JP2007150634A - Image reader, and image forming apparatus - Google Patents

Abstract

<P>PROBLEM TO BE SOLVED: To improve the irradiation efficiency from an exposure lamp on the reading spot of a manuscript, and to reduce the flare light in an image reader for optically reading a manuscript image to convert it into image signals, usable for copying apparatus, scanners, etc. <P>SOLUTION: The image reader has a plurality of exposure lamps 4a, 4b for irradiating the reading spot A of a manuscript with lights, and an imaging device for receiving a reflected light H from the manuscript to convert the image on the manuscript to electric signals. Further, the reader comprises a pair of right and left reflection plates 40, 41 for guiding the irradiating light H to the reading spot A every exposure lamp 4a, 4b between each exposure lamp 4a, 4b and the reading spot A. <P>COPYRIGHT: (C)2007,JPO&INPIT

Description

  The present invention relates to an image reading apparatus that is used in a copying machine, a scanner, or the like and optically reads an original image and converts it into an image signal.

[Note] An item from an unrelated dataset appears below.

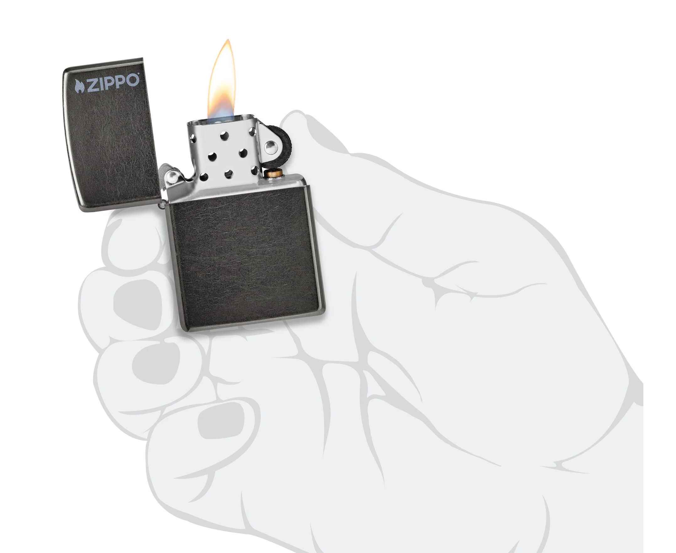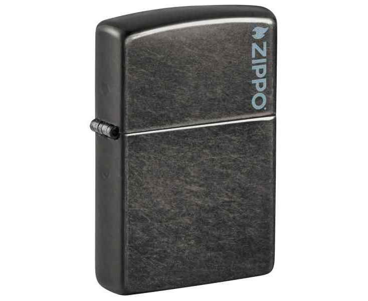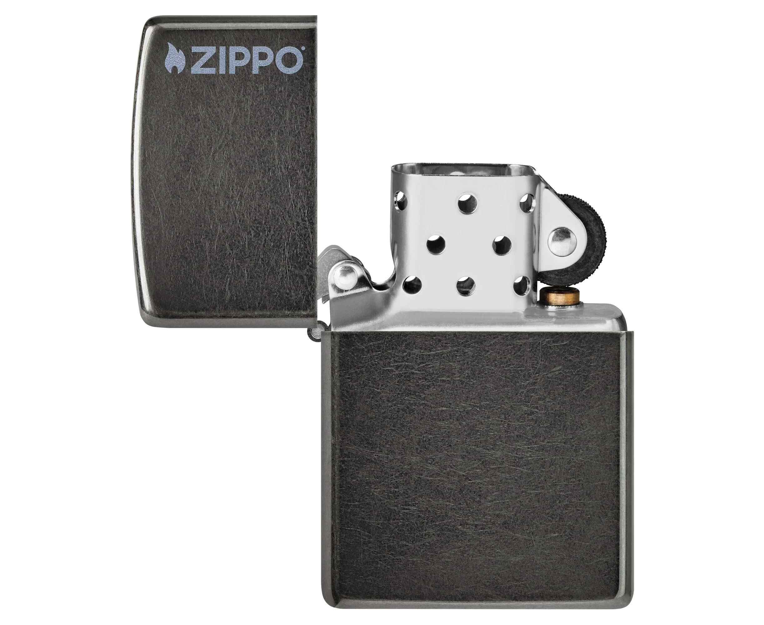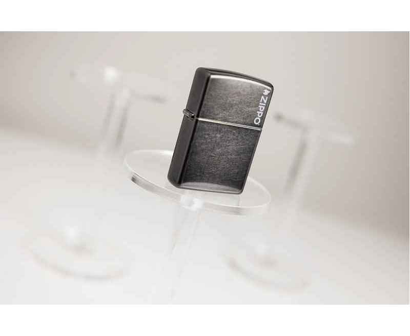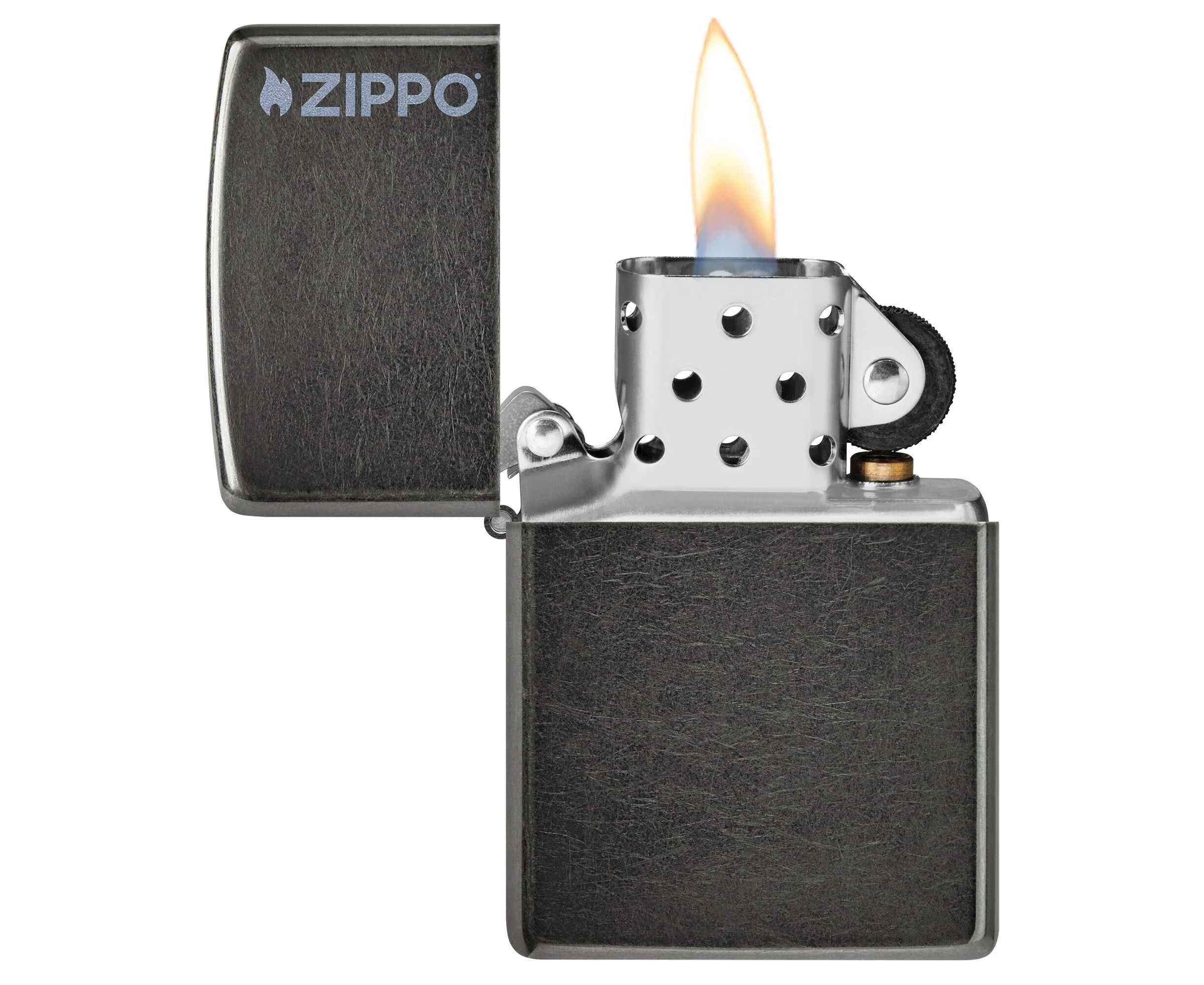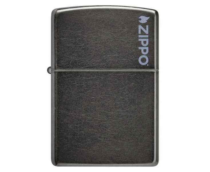 Классическая серая зажигалка украшена цветным логотипом Zippo, который создает контраст с элегантной полупрозрачной поверхностью.

As an image reading apparatus such as a copying machine, an image reading apparatus that reads image information of a fixed document by moving an image reading carriage including a light source and a mirror within a predetermined range is widely adopted. In recent years, this type of image reading apparatus has been strongly demanded to improve the condensing efficiency of the exposure lamp as the reading speed increases. In order to cope with this demand, for example, the one described in Patent Document 1 below uses a lens to enhance the light collecting property. In addition, what is disclosed in Patent Document 2 attempts to increase the amount of light by using two lamps having different wavelengths.
Japanese Patent Laid-Open No. 1-142743 JP 2001-333252 A

  However, if the light is condensed by the lens as in the technique described in Patent Document 1, the number of parts increases correspondingly and the structure becomes complicated, so that the manufacturing cost is very expensive. There is a problem of becoming.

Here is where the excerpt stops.